Analyzers
Talk to fellow users of Intel Analyzer tools (Intel VTune™ Profiler, Intel Advisor)
4975 Discussions

High CPU Usage for 1st 1 or 2 Hours : Facing Issues with VTune Hotspot capture

ArnabGanguly
Beginner
4,575 Views

Previous post :

https://community.intel.com/t5/Software-Tuning-Performance/High-CPU-usage-for-1st-1-or-2-hours-on-RHEL-7-6-7-7-7-8/m-p/1215232

 

Current context : 

We are using VTune profiler version 2020 Update 2

  1. And we are trying to capture a Hotspot analysis to identify the possible reasons for High CPU Usage in the previously mentioned thread. We did setup the Custom Analysis. We are using the VTune installed in a Windows Server and connecting to a Linux Server through SSH option. The Linux sever[Rhel 7.6] is our target. We are able to collect performance-snapshot and system-overview samples by attaching PID through the WHAT option. But when we try to capture the hotspot analysis, we end up having the error due to PIN_MAX_THREADS. Can you please let us know if this can be bypassed. Screenshot attached. We have a fairly large process with almost more than 60% use in each CPU core we are using.
  2. When we try to compare results of 2 system-overview captures, we don't see the data from the 2nd capture as shown in the screenshot. But if we open it manually, we see all data. The problem is only while comparison. Any suggestions from your end ?

 

Thanks 

Arnab

0 Kudos
15 Replies
Kirill_U_Intel
Employee
4,567 Views

Hi.

Could you try Hardware based Hotspots with and without stacks?

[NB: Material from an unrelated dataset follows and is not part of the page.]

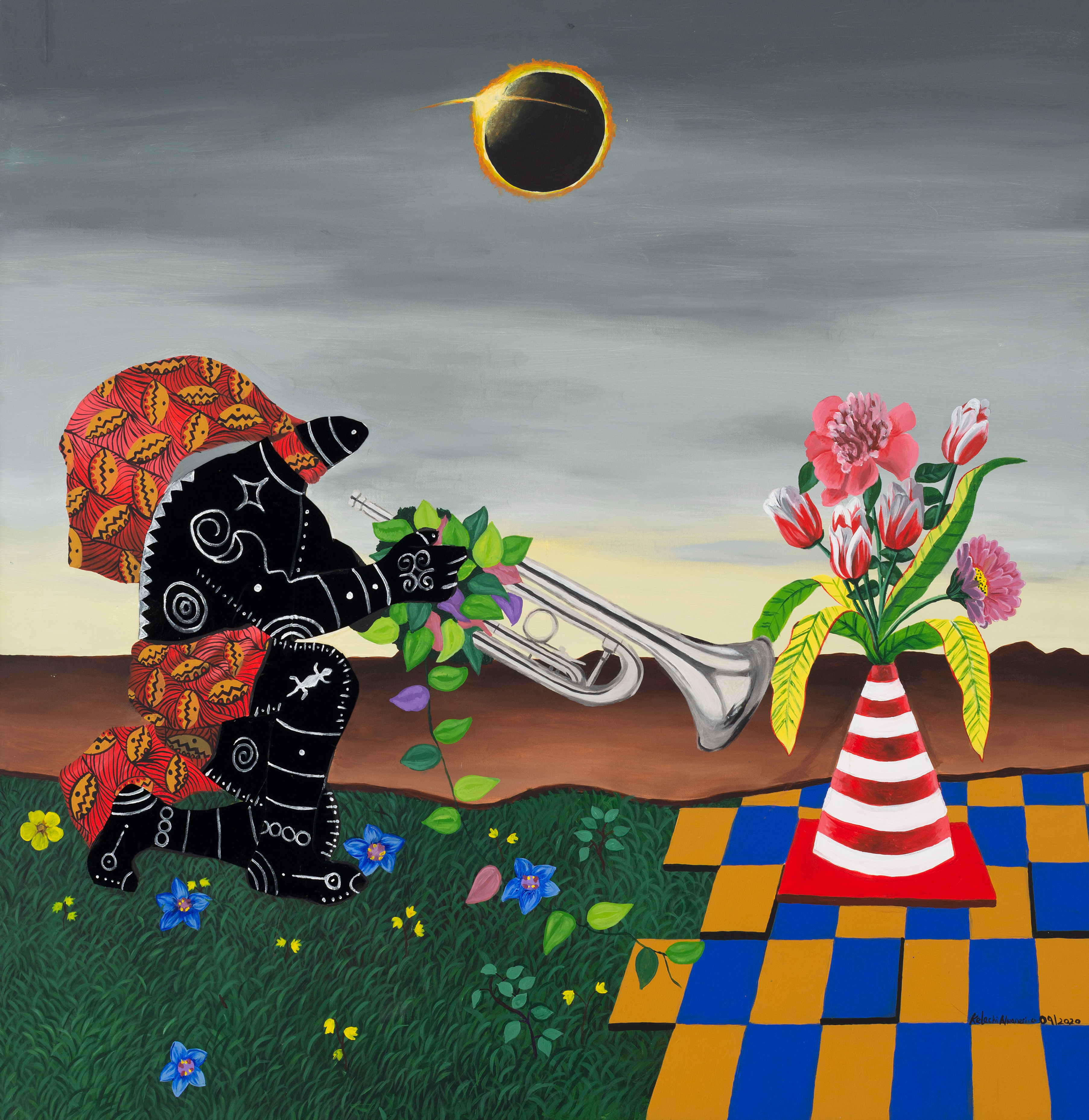 There is a greater narrative in Kelechi’s work, going beyond self and culture. The artist continues: “There are things affecting the world around me that I also find troubling. The deforestation in Brazil and fires in Australia and the United States are related to global warming. The rising oceans have caused flooding around the world. I made paintings in response to flooding in Lagos. I’ve also represented these concerns through the addition of wind towers, which provide clean energy, and flowers and plants, which are needed to protect the environment against climate change.”

Kirill_U_Intel_0-1602676778159.png

 

0 Kudos
ArnabGanguly
Beginner
4,555 Views

Hi,

 

Thanks for the information. We were able to capture hotspots with Hardware Events-Based Sampling. And we are able to look into results singularly.

 

We captured 2 samples while the CPU usage was higher and lower. But while comparing the samples, we still face a problem . In the attached screenshot, we try to compare r007hs and r009hs. But the data tables of r009hs come up blank.

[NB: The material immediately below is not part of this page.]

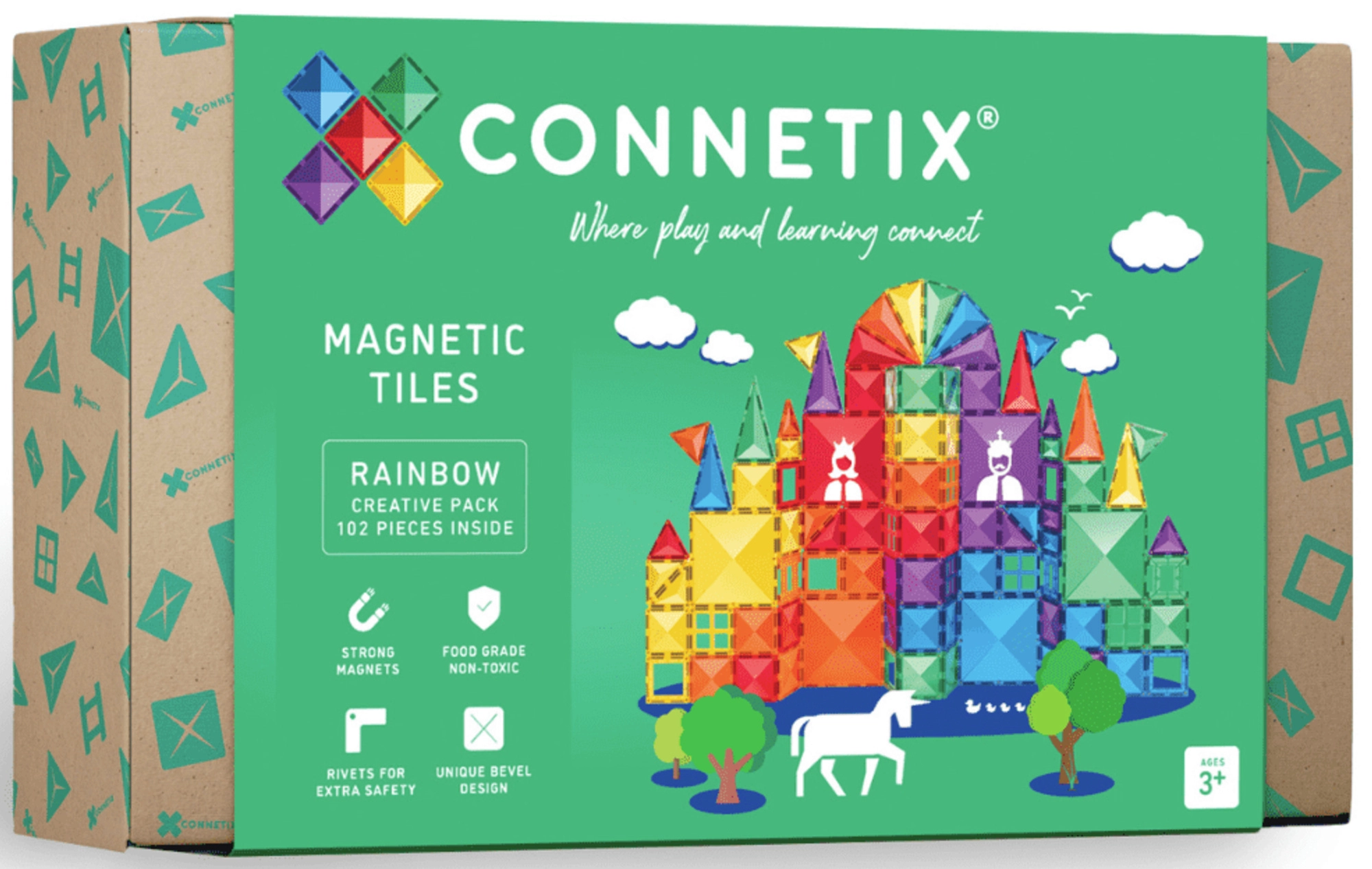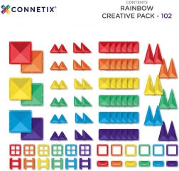 Sestavljanka CONNETIX Rainbow Creative Pack otrokom prinaša igrivo pot do odkrivanja geometrije, ravnotežja in načel magnetizma. Barvni prozorni delci v različnih oblikah se zahvaljujoč močnim magnetom »zaskočijo« z vseh strani in omogočajo gradnjo 2D in 3D modelov. Idealno za domačo igro, vrtce, Montessori in senzorično terapijo.

Are we doing it the right way or there is something else that needs to be done. Any Suggestions on that.

 

Thanks & Regards

0 Kudos
ArnabGanguly
Beginner
4,537 Views

Hi,

 

As I have mentioned previously that we have been able to capture Hardware based hotspots and we are trying to analyze the sample.

We found that the same section of code is utilizing different amount of CPU time after the process if getting executed for 1 hour or a little more. Until then, the CPU usage is higher.

And we need a little help from you regarding what can be the possible cause for the same. I am attaching the assembly analysis screenshot from when the CPU usage is higher and low. It includes the CPU time and the instructions retired numbers.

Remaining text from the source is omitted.